START Information provided

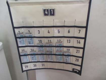 子どもたちは、登校するとここから名札を取り出して着けます。
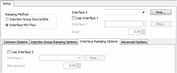 An optional third Interface Z can be defined. If this is defined, a single MW Setpoint for the flow on this interface must be specified. The ramping process is the same as described above ramping for either Interface X or Interface X and Interface Y, except now the OPF tries to enforce the flow on Interface Z to the same setpoint at each step.
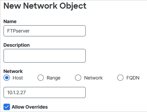 Step 1 | Create a network object for the FTP server. |
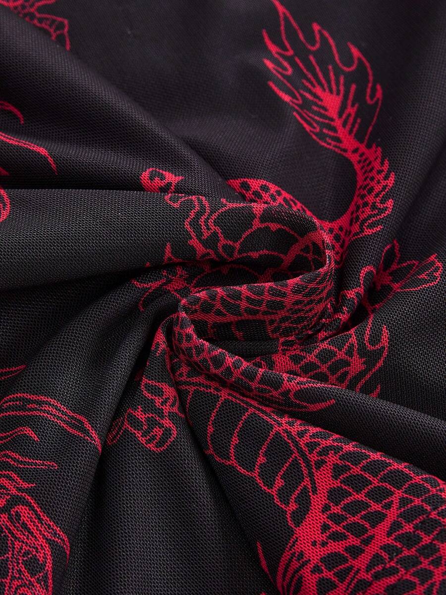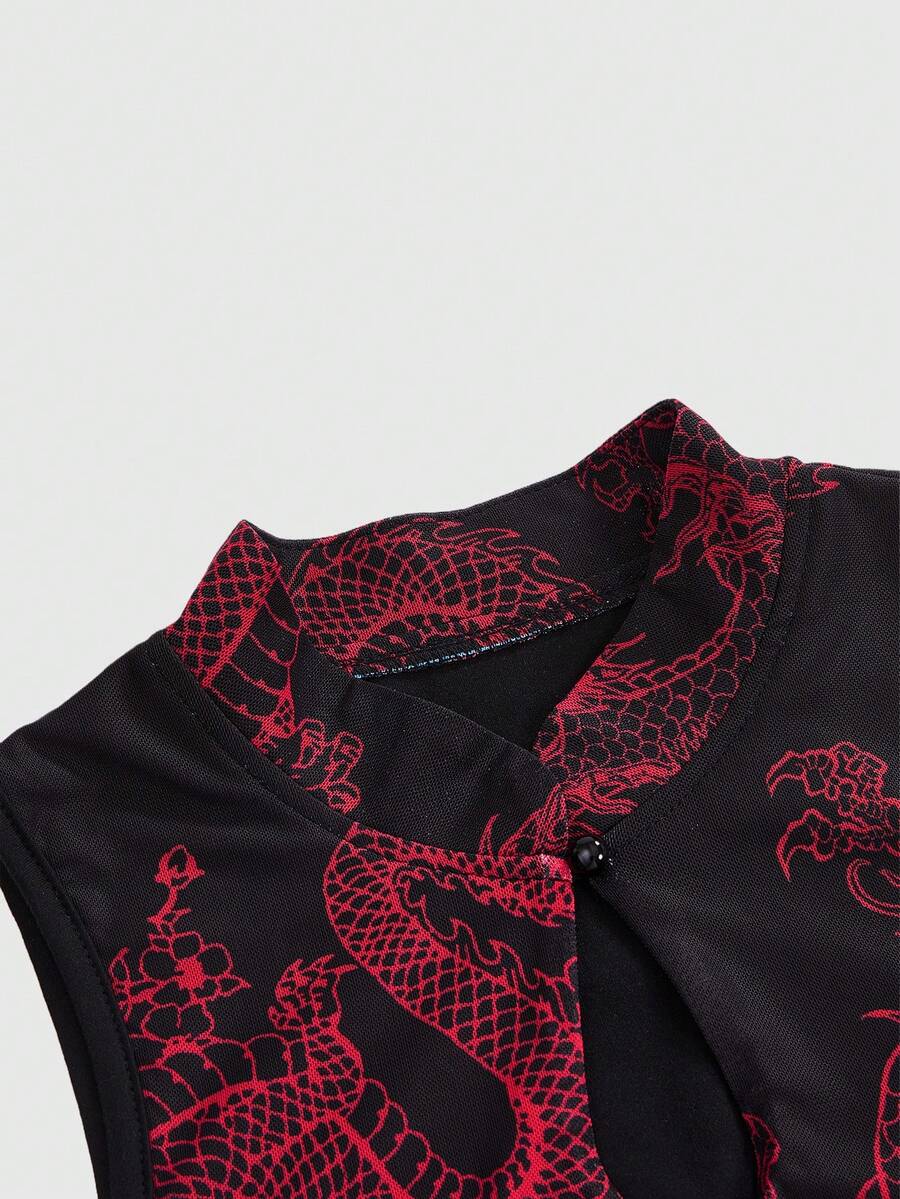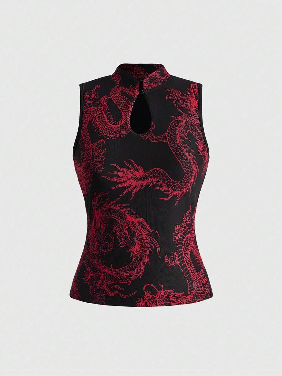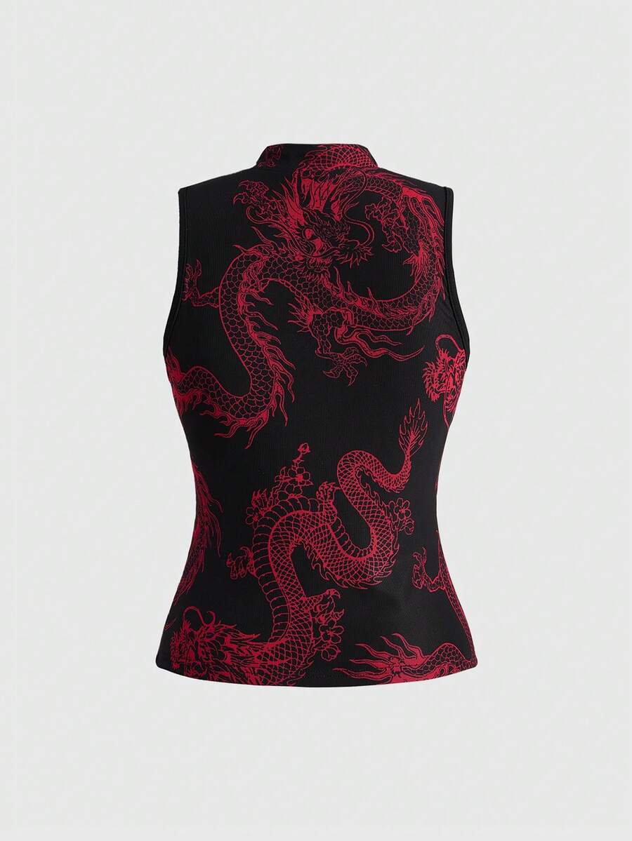 ROMWE Avant Débardeur femme style rétro J-mode imprimé tigre rouge chinois

END Information provided

Please write out all the data again word for word, but not the pictures.

 子どもたちは、登校するとここから名札を取り出して着けます。
 An optional third Interface Z can be defined. If this is defined, a single MW Setpoint for the flow on this interface must be specified. The ramping process is the same as described above ramping for either Interface X or Interface X and Interface Y, except now the OPF tries to enforce the flow on Interface Z to the same setpoint at each step.
 Step 1 | Create a network object for the FTP server. |
 ROMWE Avant Débardeur femme style rétro J-mode imprimé tigre rouge chinois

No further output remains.